We have a lot of work in tuning devolution even without changing an iota in the Constitution. One thing that is certain is that the Division of Revenue Bill needs to allocate 45 to 55 per cent of the budget goes to counties.
To justify this, certain functions, services and institutions currently duplicated by the two levels of governments must be streamlined, particularly in the area of roads and regional development authorities. Here is why.
I have just come from an African Development Forum in Dakar Senegal focusing on urbanisation in Africa. Let me remind you that within the next 20 to 30 years, over 50 per cent of Africans will live in urban areas.
At the forum, a Polish professor, who is also the mayor of a city, gave an informative and eye-opening presentation regarding the development of Poland since 1990. Realising that Poland decayed economically and politically during the communist era, the new leadership decided to modernise society, relying heavily on devolved government.

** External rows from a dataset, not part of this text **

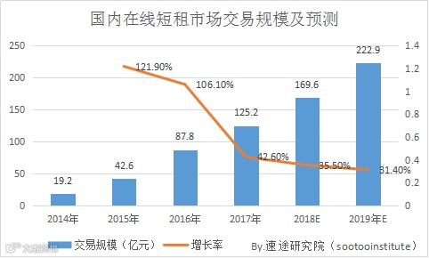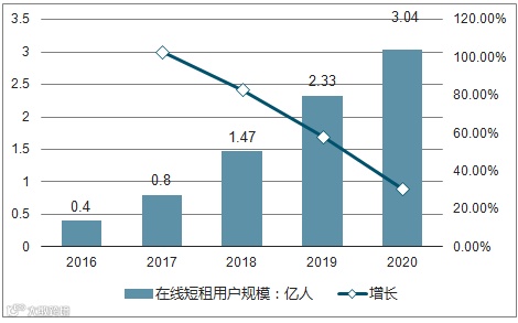 2018年在线短租用户规模及增长走势图可以看到用户一直在迅猛增长。
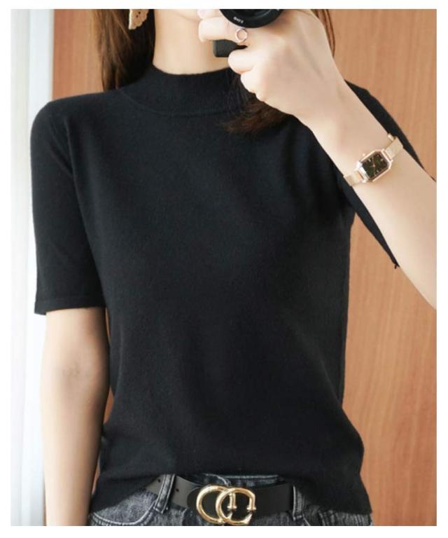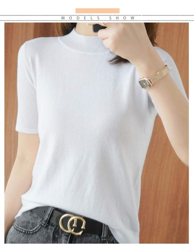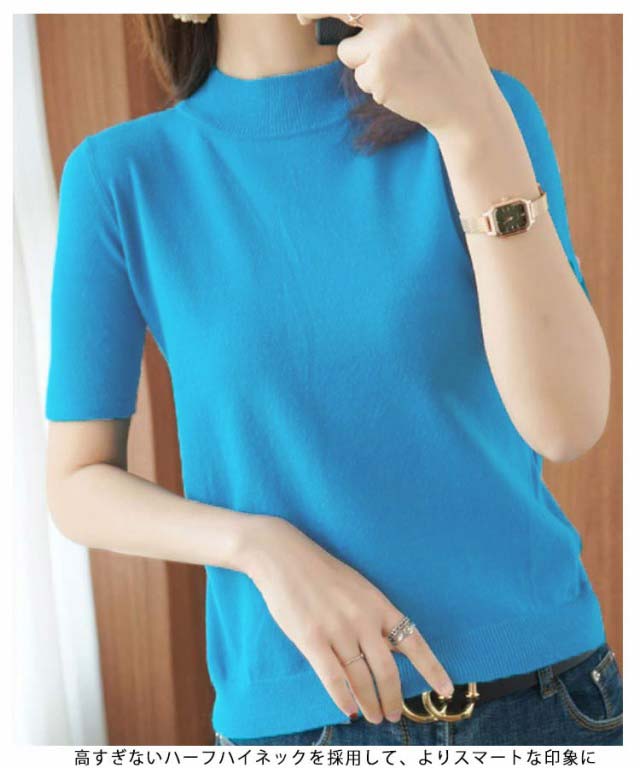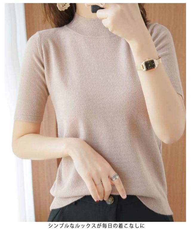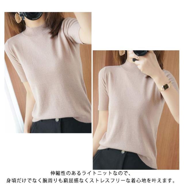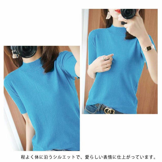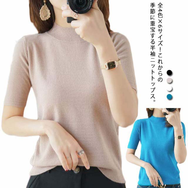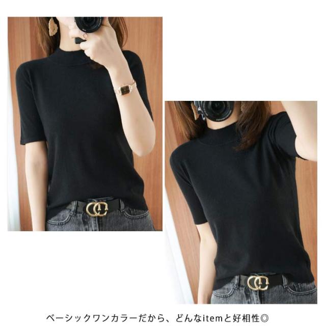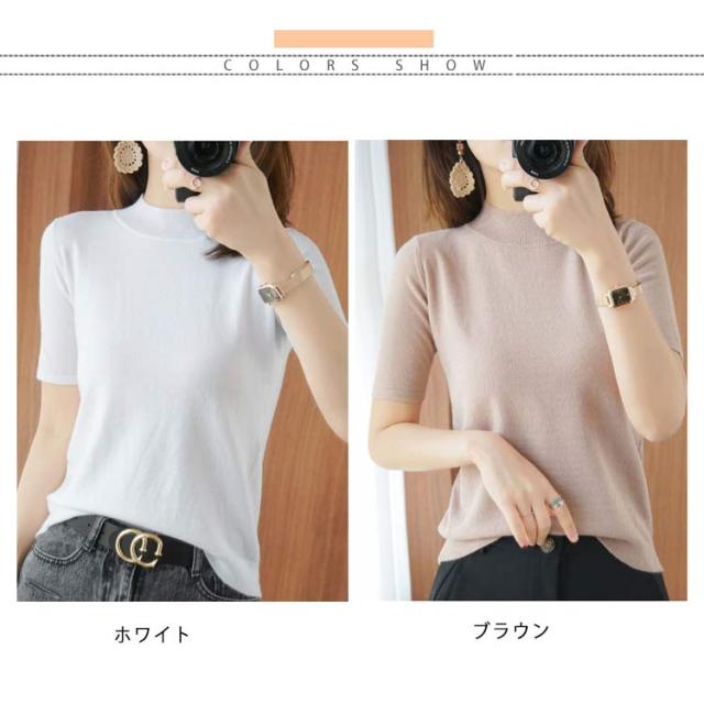 ニットソー レディース tシャツ コンパクト 半袖ニット サマー ハイネックニット 半袖tシャツ 無地ニット 薄手 サマーニット 全4色×6サイズ!ニット シンプル 全4色×6サイズ!ニット
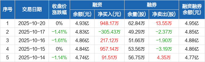 滨化股份:融资净买入948.17万元,融资余额4.93亿元(10-20)

Therefore, 55 per cent of the national budget went to devolved units as the nerve centres for economic growth given the endowment of each devolved unit.
Looking at Poland today, and her contribution to the GDP of the European Union, one will appreciate how devolution can lead to a country’s rapid economic growth.

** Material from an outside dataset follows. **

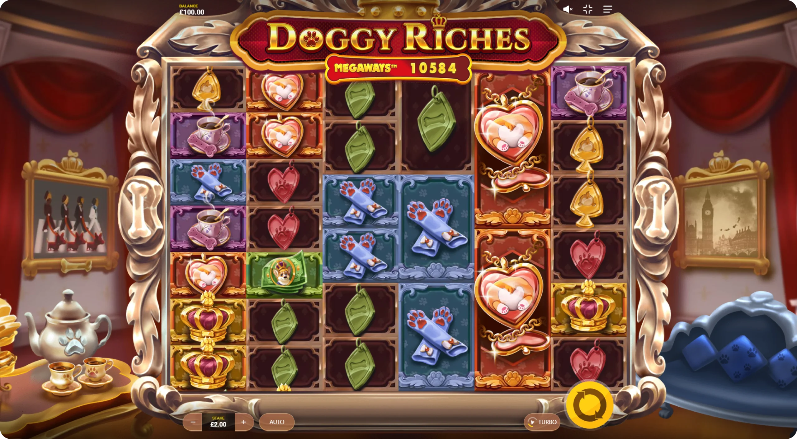 Doggy Riches from Red Tiger introduces a Corgi royal family and a world of expected wealth. The royal manor, filled with details, is the backdrop for an ornamented 6×7 layout. The Megaways mechanics have the usual (but still very large) 117,649 ways to win, and come with cascading reels where winning symbols disappear, opening positions for new ones to fall into their place.

The country’s GDP per capita is even more amazing. Poles are ten times better off today than they were 30 years ago. This has happened in my lifetime and I note how little we have gained following the struggle for the “second liberation” of Kenya for which some of us paid dearly.
The trouble with us in Kenya is that we are increasingly running a narrative where devolution is regarded as a problem and not an opportunity for igniting rapid economic growth.
If Kitui Governor Charity Ngilu can establish a textile factory, employing 500 people, in two years, what can stop us in Kisumu from reviving cotton growing and Kisumu Cotton Mills this coming year?
Makueni Governor Kivutha Kibwana blazed the trail with value addition in mango farming. Kakamega Governor Wycliffe Oparanya and I have been working with a team to revive the sugar industry.
We submitted our report to the President which he fully embraced. With such good intention, what stops us from privatising the sugar industry with farmer-friendly regulations this coming year?
Governor Francis Kimemia has his potatoes initiative in Nyandarua, which will lead to tremendous value addition.
SELF SERVING
At a time when devolution is raring to go, the BBI should midwife it creatively and banish the debilitating negative narrative that naysayers are wont to wallow in for self serving reasons.
In the final analysis, it is not the mission of the government to do business.
Governments are there to create opportunities for private sector players, from the mama mboga to the captains of industry, to do business.
But our counties are full of tenderpreneurs, people who believe getting a tender to build a road is their only lifeline even when they have never even done a footpath in the village.
Some get tender documents only to sell them to the companies of the same civil servants who award the tenders.
It is no wonder therefore that certain services are so poorly delivered in counties and then covered up by the same civil servants.
These are some of the evils that governors have to deal with. The good news is that county residents are increasingly becoming alert and engaging in public awareness to smoke out such tendencies.
All, therefore, is not lost in the counties. Siku zijazo ni za ugatuzi.
Prof Nyong’o is the governor of Kisumu County.